Gesundheitsdaten von 73 MillionenBerliner Sozialgericht verhandelt am Mittwoch

Seit Oktober werden die Gesundheitsdaten aller gesetzlich Versicherten in Deutschland zentral gespeichert. Im Mai 2022 wurden dagegen Klagen eingereicht. Kritisiert wird vor allem ein hohes Datenschutzrisiko sowie ein mangelndes Widerrufsrecht für Betroffene. Morgen geht der Fall vor dem Berliner Sozialgericht in die nächste Runde.

datensaetze, visualisiert von einer KI
Wie sich eine KI die Vernetzung von medizinischen Daten vorstellt (Diffusion Bee)

Wer hatte bereits zwei Bandscheibenvorfälle, wer nimmt Medikamente gegen Bluthochdruck, wer leidet seit Jahren unter Depressionen? Derartig sensible und schützenswerte Informationen enthalten die Gesundheitsdaten der 73 Millionen gesetzlich Versicherter in Deutschland. Das Missbrauchspotential dieser Daten liegt auf der Hand – ein Gefühl dafür hat vielleicht, wer schon mal versucht hat, eine Berufsunfähigkeitsversicherung abzuschließen. Sollte man so sensible Daten nur pseudonymisiert und an zentraler Stelle speichern?

Morgen verhandelt das Berliner Sozialgericht über diese Frage. Hintergrund ist das Digitale-Versorgung-Gesetz aus dem Jahr 2019. Es schreibt seit vergangenem Oktober das Sammeln sowie die zentrale Speicherung von Gesundheitsdaten in einem Forschungsdatenzentrum vor. Darunter fallen etwa ärztliche Diagnosen, aber auch Daten zu Krankenhausaufenthalten und Medikation. Seit kurzer Zeit werden die Daten bereits für Forschungsprojekte genutzt.

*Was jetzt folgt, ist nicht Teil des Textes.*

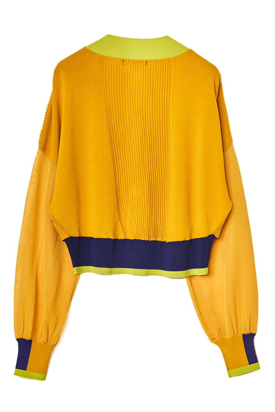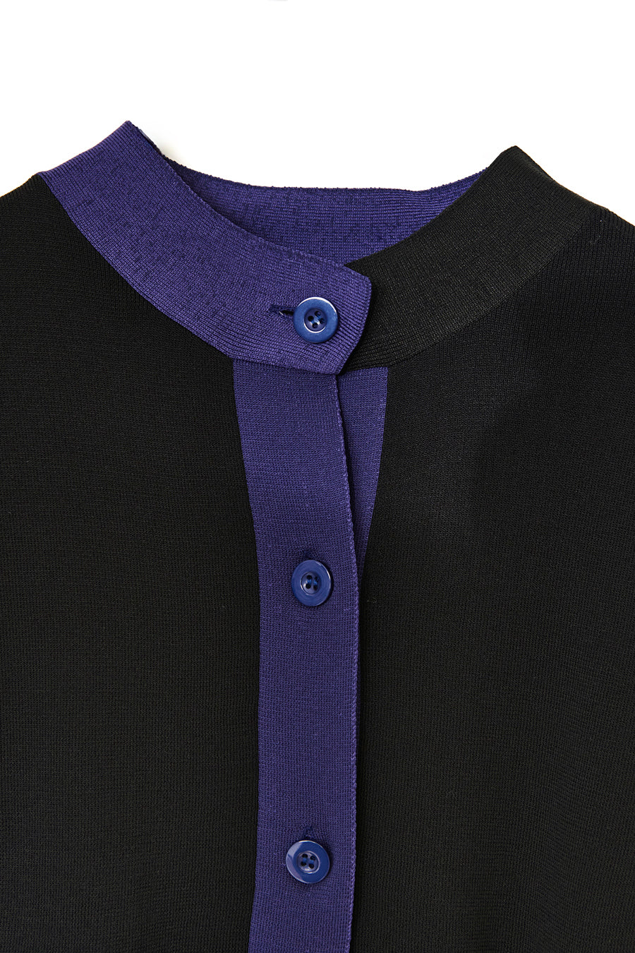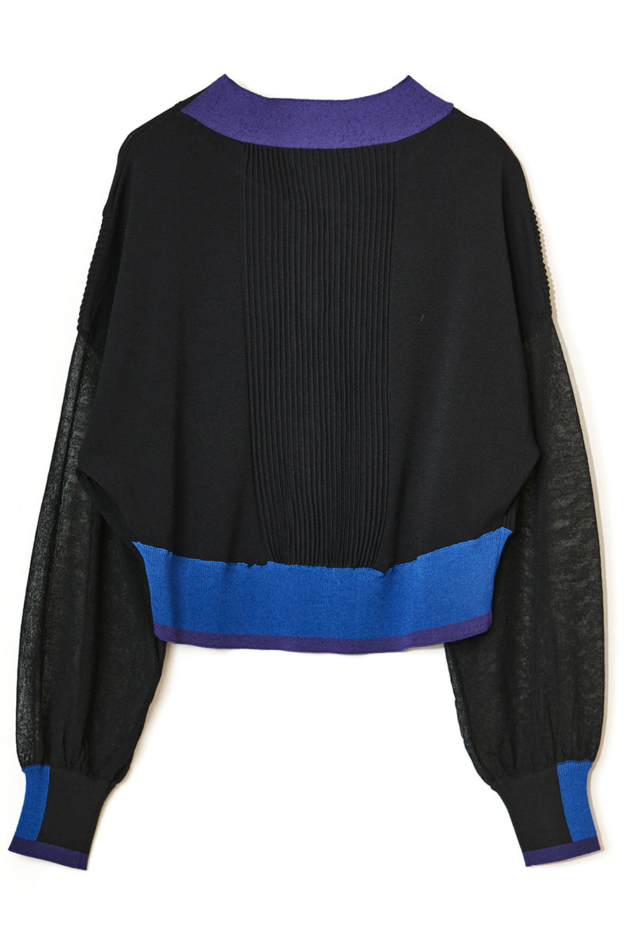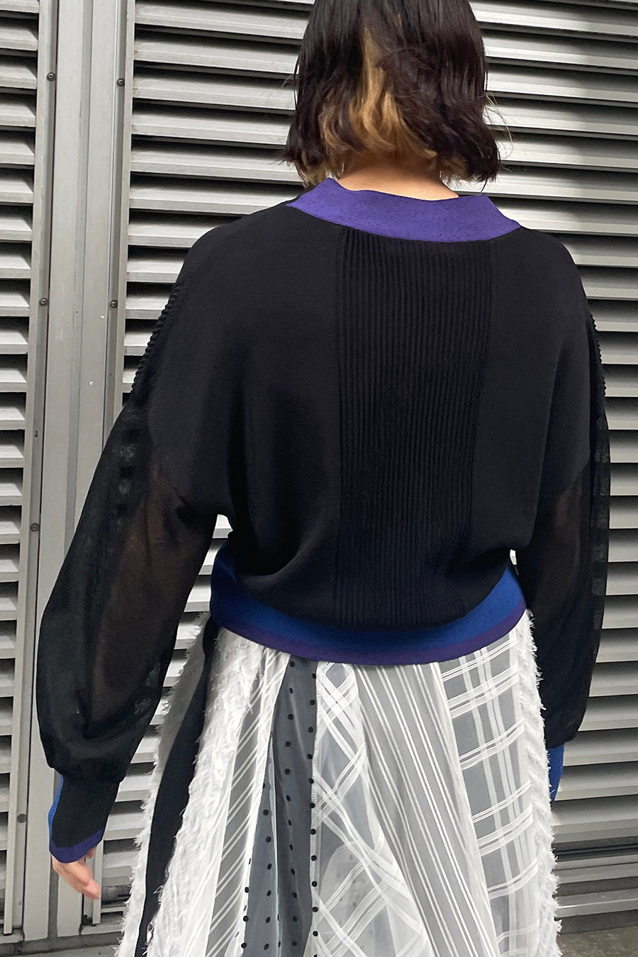 4色糸を使用したカラーブロックのクルー襟のショートカーディガン。太い前立てのみアシンメトリー配色なのがポイント。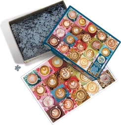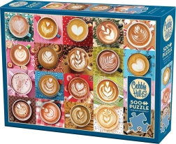 Objevte kouzlo kavárenské atmosféry u vás doma. Puzzle COBBLE HILL Miluji tě, latté přináší barevnou mozaiku šálků s jemnou latte art pěnou. Díky unikátní výsekové raznici nejsou hrany a rohy v jedné ose, což zvyšuje zábavnost i náročnost skladby a zabraňuje zaměňování dílků.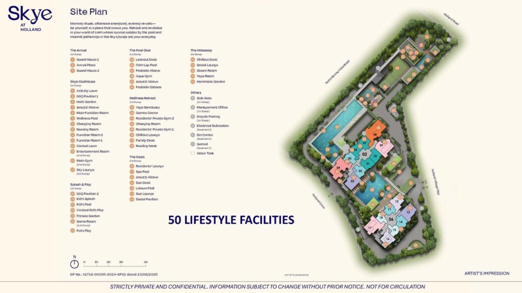 The site plan of Skye at Holland has been thoughtfully designed to balance modern architecture with lush landscaping. The twin 40-storey towers are strategically positioned to maximise natural light and panoramic views, while ensuring privacy for residents.
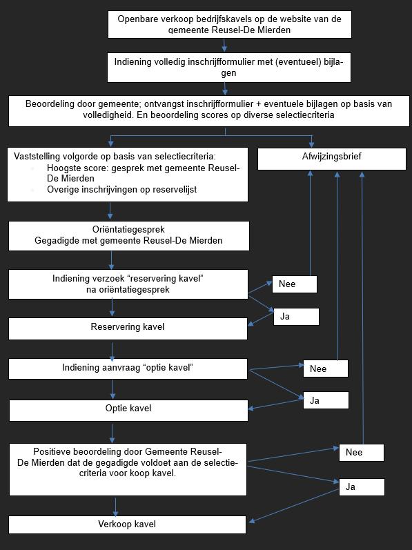 Als de gemeente besluit om de gegadigde niet te selecteren als koper, omdat definitief is gebleken dat de gegadigde niet voldoet aan de selectiecriteria, dan ontvangt de gegadigde een afwijzingsbrief. De bedrijfskavel wordt dan niet aan de gegadigde verkocht. De bedrijfskavel komt dan weer terug in de verkoop waarbij de reservelijst wordt gevolgd.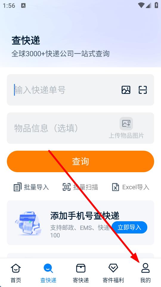 1、打开快递100应用,点击底部导航栏最右侧的我的选项。
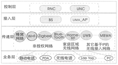 (3)在目前頻譜資源有限的情況下,UMA使用免費(fèi)的ISM頻段,拉開了移動(dòng)終端大規(guī)模利用“最后一公里帶寬”接GSM/GPRS核心網(wǎng)的序幕,使運(yùn)營商向移動(dòng)用戶提供話音推送、VoIP、視頻服務(wù)等高帶寬業(yè)務(wù)成為可能。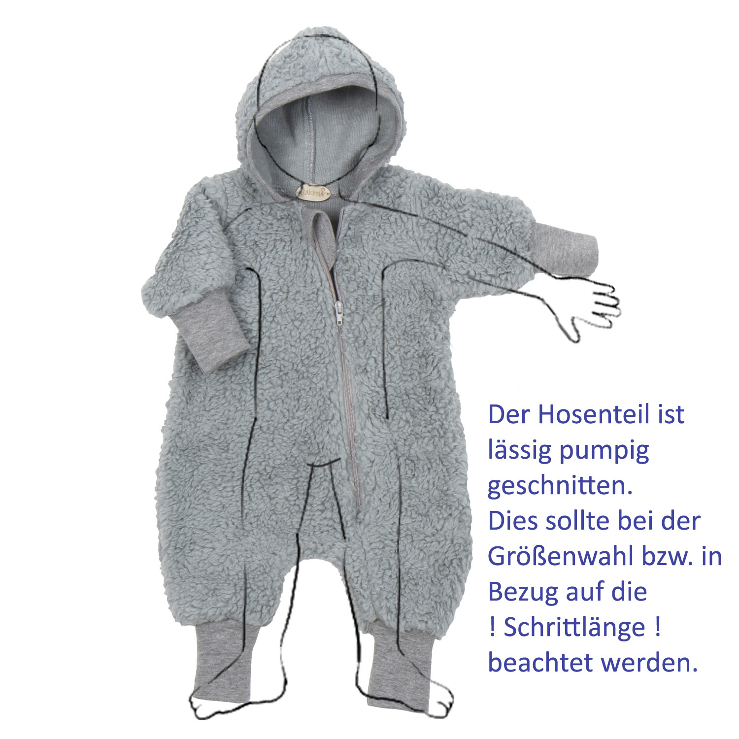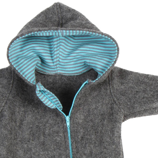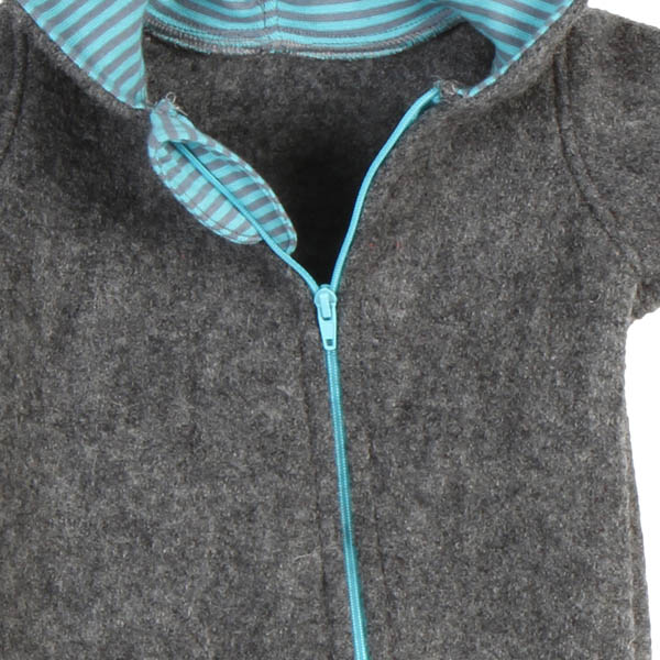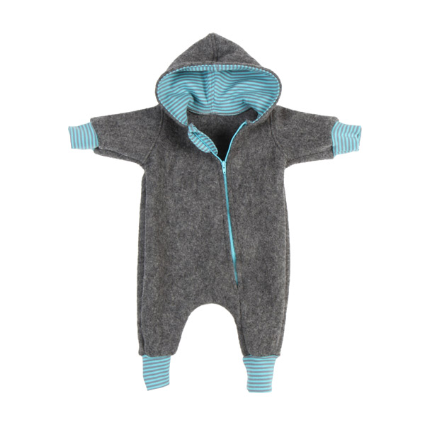 So bleibt euer Kind immer schön warm, selbst bei Minustemperaturen. Der praktische petrol unisex Overall vom Berliner Label Lilakind ist aus praktischem graumeliertem Walkloden hergestellt. Die gefilzte Schafswolle hat viele positive Eigenschaften. Sie ist atmungsaktiv, wasserabweisend und wärmend. Außerdem nimmt Wolle sehr viel Feuchtigkeit auf, ohne dass der Stoff sich danach nass anfühlt. Zudem ist das natürliche Material sehr hautfreundlich.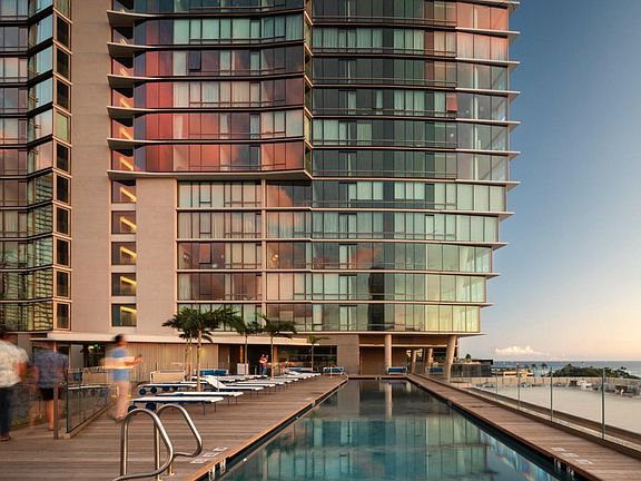 AEO condominium studio with 1 covered parking. Desirable ocean facing unit. Beautiful ocean views. Amenities include party room, guest rooms, 2 swimming pools with dedicated lap pool, jacuzzi, rooftop terrace, bbq, indoor gym with ocean views as well as outdoor workout spaces, and sauna and steam room. There is also surfboard and bicycle storage as well as a dog-run area, covered dining cabanas, private dining room with caterer's kitchen, children's play area, private movie theater and a lounge room for events and parties. Plenty guest parking and walking distance to beach, Ward Village and Ala Moana Center. Basic cable tv, internet, water, gas included. Available now for at least 6 month lease. No pets allowed. No smoking allowed.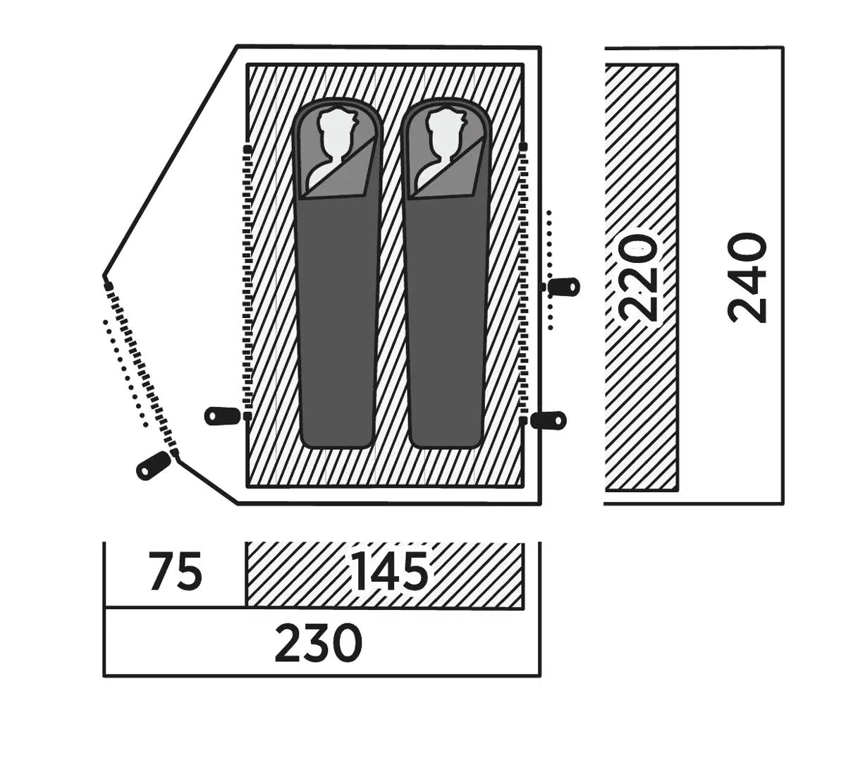 • Dimensioner: 240 cm længde, 230 cm bredde, 105 cm højde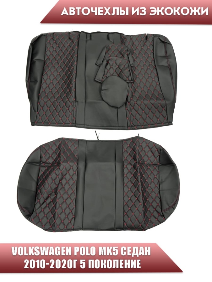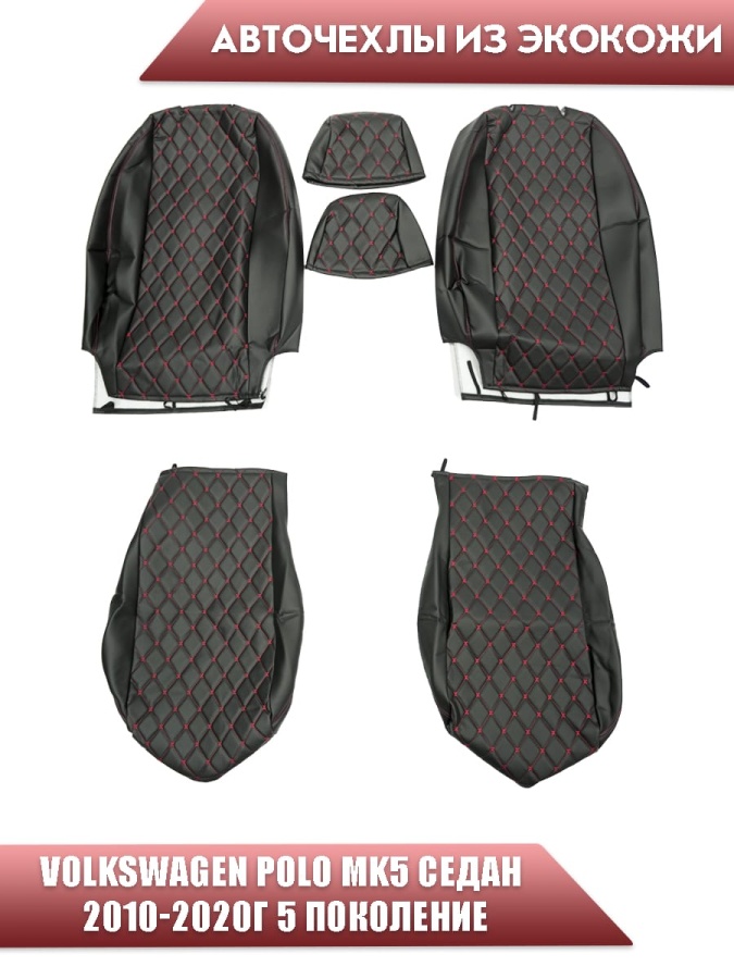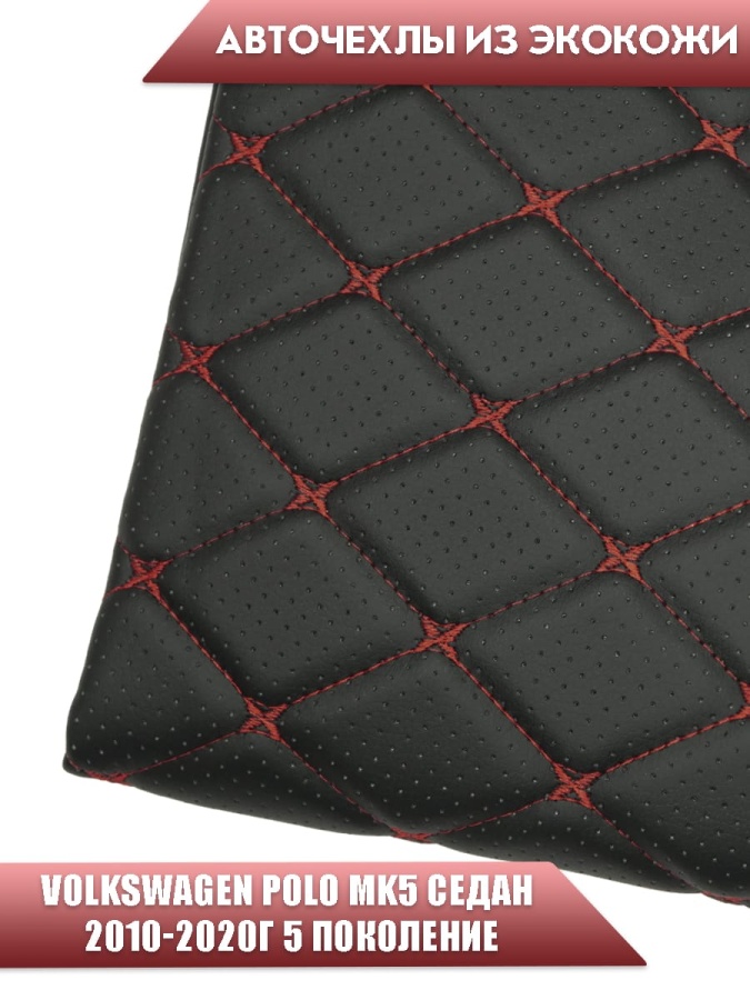 Авточехлы Volkswagen Polo Фольцваген Поло седан 1/1 2010-2020г экокожа черная нить красн ромб Барс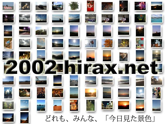 さて、2002年もまた「今日見た景色」に向けて私はシャッターを押し続けると思います。そのファインダーの中に見るだろう「明日見る景色」も、やっぱりその日その日の「今日見た景色」です。2002年の明日見る「今日見た景色」はどんな景色なのでしょうか?ずっと夢見てきたような景色が、そこには見えるのでしょうか。それとも、想像したこともないような景色を私は眺めているのでしょうか。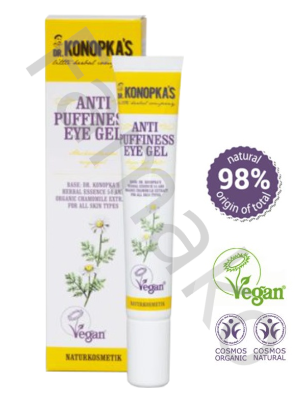 Obnovující oční gel obsahuje speciální bylinnou esenci Dr. Konopky č. 54. Tato esence obsahuje vitamíny a minerální látky, které jsou důležité pro výživu a obnovu jemné pokožky kolem očí. Organický extrakt heřmánku pomáhá zmírnit otoky a tmavé kruhy pod očima. Činí pohled více odpočatý a zářivý.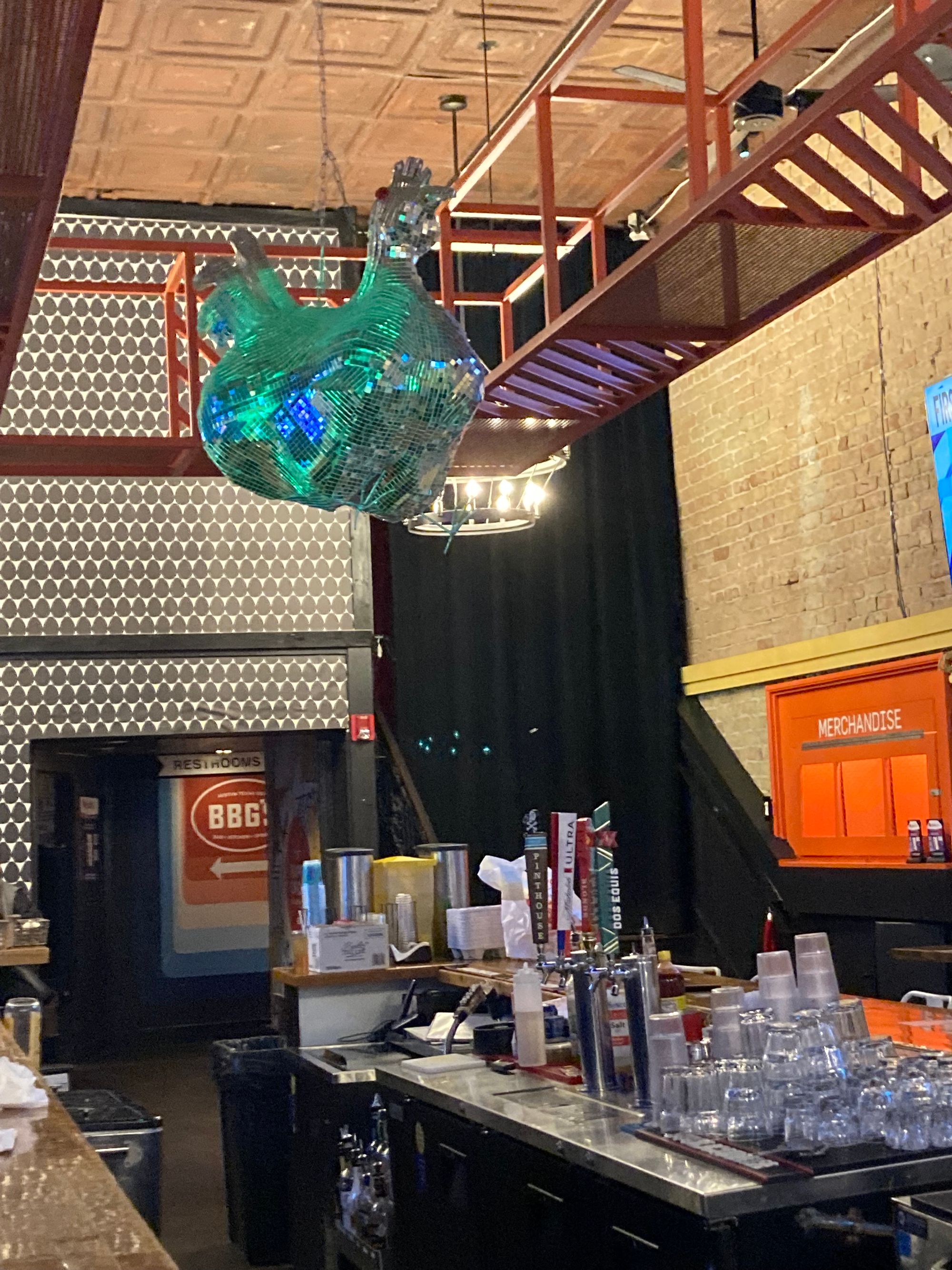 Downtown texas, are there a lot of cool things and people? yeah.. probably, what do you get? a picture of this, Giant fucking disco chicken.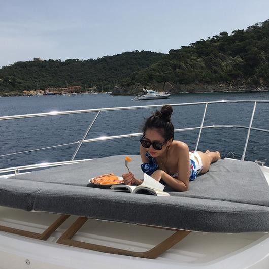 또한 바람이 부는 선상 위에서도 미모를 잃지 않는 완벽한 옆태를 과시했으며, 음식을 먹으면서 일광욕을 하는 여유로운 일상을 보여주기도 했다.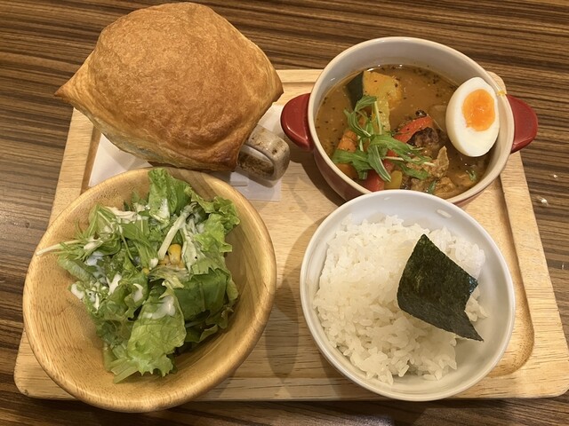 初めて伺いました!迷いに迷った結果パイ包みを捨てられず、チキンスープカレーとマンスリーのパンプキンパイ包みのハーフ&ハーフを5辛でオーダー。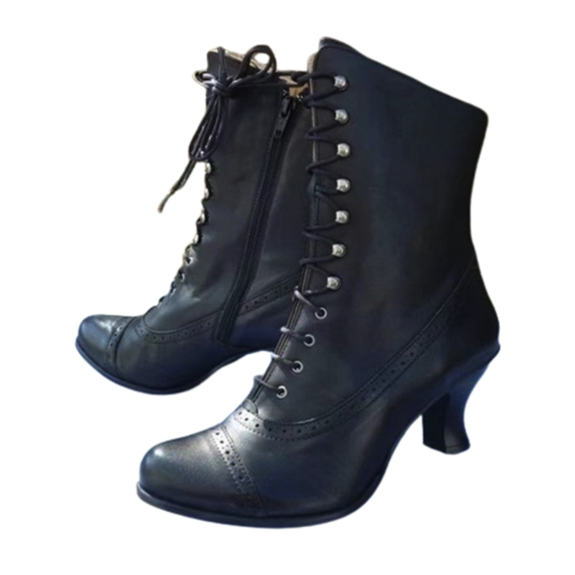 - These Victorian-inspired retro-renaissance style booties are crafted in beautiful PU leather and feature functional lace-up design and inside zipper closure, round toe, cushioned inner, ankle rise, seam detailing, barely there heel, and anti-slip rubber soles, make these shoes feel like you’re walking on air. Super comfortable and easy to walk in, you will want to wear them all day, every day.

Das Gesetz wurde von Anfang an von Diskussionen begleitet, etwa über unzureichende Datenschutzstandards und das fehlende Widerspruchsrecht für die Betroffenen. Dagegen hatte im vergangenen Mai die Gesellschaft für Freiheitsrechte (GFF) Klagen bei Sozialgerichten in Frankfurt am Main und Berlin eingereicht.

Darum geht es

Die Klagenden monieren ausdrücklich nicht die Forschung mit Gesundheitsdaten per se, sondern die konkrete Umsetzung. Bevor die Daten für Forschende in einem entsprechenden Forschungsdatenzentrum gespeichert werden, liefern die gesetzlichen Kassen diese pseudonymisiert an eine zentrale Stelle beim Spitzenverbund der Krankenkassen. Dieser Zwischenschritt, eine zentrale „Datenhalde“, schaffe ein enormes Sicherheitsrisiko. Zudem schütze die Pseudonymisierung allein nicht vor einer Identifikation anhand des Datensatzes, etwa in Kombination mit anderen Datensätzen. Das hatte ein Gutachten des Kryptografie-Professors Dominique Schröder ergeben. Daneben kritisieren die Klagenden besonders ein mangelndes Widerspruchsrecht für die Betroffenen – also alle gesetzlich Versicherten – sowie unzureichende Datenschutzstandards.

Die Klagen wurden von der Gesellschaft für Freiheitsrechte zusammen mit Constanze Kurz, ehrenamtliche Sprecherin des Chaos Computer Clubs, sowie einem weiteren anonymen Kläger, der an der seltenen Bluter-Krankheit leidet, bereits im vergangenen Mai zusammen mit zwei Eilanträgen eingereicht. Dabei gab es bereits kleine Erfolge. Beide Klagenden bekamen im Eilverfahren mit ihren Unterlassungsklagen gegen die jeweilige Krankenkasse Recht: Diese dürfen die Gesundheitsdaten der beiden nicht in das neue System einspeisen – zumindest, bis das Hauptverfahren entschieden ist.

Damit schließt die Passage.